Застучал где-то в ветках дятел, ауканье подружек слышалось все тише и тише.
– Ты дорогу то обратно знаешь?
На этот раз пришлось удивляться Лизавете.
– Мне ж и не знать! Да я тут каждую березку, каждый пень знаю. А ты что в провожальщики хотел напроситься? – сказала, и прикусила язык. Ну, зачем парня обидела? Ведь помочь хотел.
– Ну, раз так, прощевай, – ответил Аникий, и, положив на плечо топор, скрылся за деревьями.
Щеки его пылали, желваки ходили ходуном, ярость застилала глаза! И чего это он вздумал к ней подходить. Вот ведь девка, язык – что помело! И не нужна она ему, просватана за богатого! Выбросить ее из головы! Скоро караван снаряжать в Москву, а он тут прохлаждается!
Лизавета смотрела вслед быстро удаляющемуся Аникию. Обидела, обидела почем зря! И вправду тетка говорит, что языком она мелет не подумавши. А ведь обычный парень, она то и знать его толком не знает. Дом стоит на окраине села, отца-матери нет, среди людей мало показывается, сказывают, работает много, варницу поставил вместе с братьями Никифоровыми.
– Лизавета, ау! Ты где? – послышался голос подружки Вареньки. Та вышла к ней с полной корзиной земляники. Платок сбился на бок, из-под него торчали озорные русые кудряшки. – Ты с кем это тут разговаривала? От лешака отбивалась.
– Если б от лешака, – вздохнула Лиза. Прикусила губу, и тут же сменила тему разговора. – Ты уже все, набрала? Домой идем?
– Идем, – с готовностью ответила Варя, – так кто это был-то?
– Аника, сын Федоров, за дровами приехал, – с неохотой ответила Лиза подружке.
– Чего хотел-то?
– Спросил, не заблудилась ли я, – с нарочитым пренебрежением ответила девушка.
– Ясно, – Варя поправила тяжелую корзинку в руке. – Ты ж этот лес, как родной дом знаешь.
– Вот и я о чем, – кивнула Лиза – Ну, что подруга, подпевай! – И затянула звонкую песню.
Ее голос заметался среди белых берез и долетел до Аникия. Тот на секунду прислушался, и с бессильной яростью принялся рубить сухое дерево. Любовь любовью, а дров для варницы кроме него сегодня никто не привезет. Да на что она ему, такая любовь! Коли он и сам не знает, как подступиться к Лизавете, а уж чтобы и сватать за себя и подавно.

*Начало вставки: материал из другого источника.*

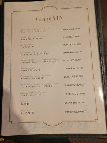 ワインの最高値はオーパスワンのボトルが9万円で置いてあり、いったいこの店で年に何本出るのか気になるところだが、お手頃から高級ラインまでラインナップの幅広さを見るとしっかりしたソムリエがいることがうかがえる。

Пушистая белка с испугом перескочила на лапу сосны, услышав, как внизу жалобно звенело дерево. Она спустилась чуть пониже, чтобы понять, кто потревожил ее покой. Высокий крепкий парень с остервенением вонзал топор в сухую древесину. Дерево тихо стонало от жестоких ударов, и щепки как слезы разлетались в разные стороны. Белка еще посмотрела на странного человека, махнула хвостом, и поскакала вглубь леса по своим беличьим делам.